It has been a week since the school shooting in Uvalde, Texas. I thought by now I would have been able to organize my thoughts and feelings on the matter into something clear, articulate, perhaps even helpful. Mostly what I’ve got is inarticulate anger and lament. 

I’m writing this on Memorial Day, the day when we in the United States remember the sacrifice of soldiers who died for our freedom. Well should we honor their courage. Freedom isn’t free, as the saying goes.

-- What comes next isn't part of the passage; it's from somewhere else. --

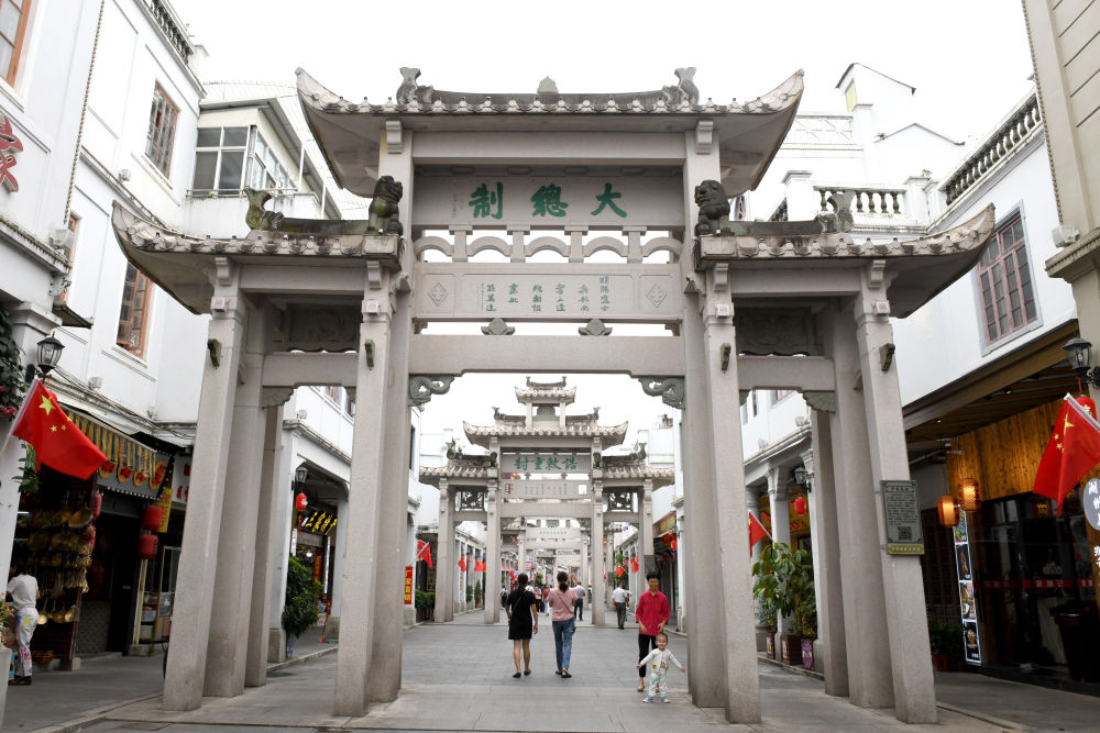 以牌坊街為文化地標的潮州古城至今保持著“外曲內(nèi)方,四橫三縱”的宋代時街區(qū)格局。23座古牌坊連接起51條古街巷,商鋪林立,古色古香。

But Memorial Day has also gotten me thinking about the extent to which we are willing to let others sacrifice for our freedoms, and how little we’re willing to sacrifice ourselves. We Americans are slavishly, idolatrously devoted to cheapened visions of personal freedom that are so rooted in self-love that they erode the very foundations of courage. The culture, left and right alike, tells me that my personal autonomy (variously defined) is the most important thing about me. It can be a pretty short step from “I should choose the kind of life I want to live” to “I choose not to not to sacrifice anything for the sake of my freedom, especially if there’s somebody who can sacrifice instead.” Because my freedoms are likely to require sacrifice from somebody, whether soldiers in uniform or nineteen schoolchildren and two teachers.

Nineteen children sacrificed for a mentally disturbed eighteen-year-old’s freedom to buy a semi-automatic rifle and hundreds of rounds of ammunition. Nobody thinks that’s a good idea, but too many of us have been willing to live with this sort of thing lest I lose my freedom to buy a semi-automatic rifle and hundreds of rounds of ammunition. I know the arguments. I imagine some of you will write and refresh me on them. But I’m going to go ahead and tell you: I’m not interested in any more of these child sacrifices on my behalf.

You might think I’m trying to spin out a metaphor when I call the Uvalde massacre a child sacrifice, but I’m being as literal as I know how to be. In the face of the kind of evil that was loose in Robb Elementary School, lives were going to be sacrificed. For an hour and a half, dozens of policemen with vastly superior firepower stood outside that school room and let those children and teachers absorb all that suffering rather than putting themselves in danger. Why? I suspect it’s because we’re conditioned to let other people suffer and die for our freedom and comfort and sense of safety. All that tactical gear, all those assault weapons turn out to be a pretty poor substitute for courage.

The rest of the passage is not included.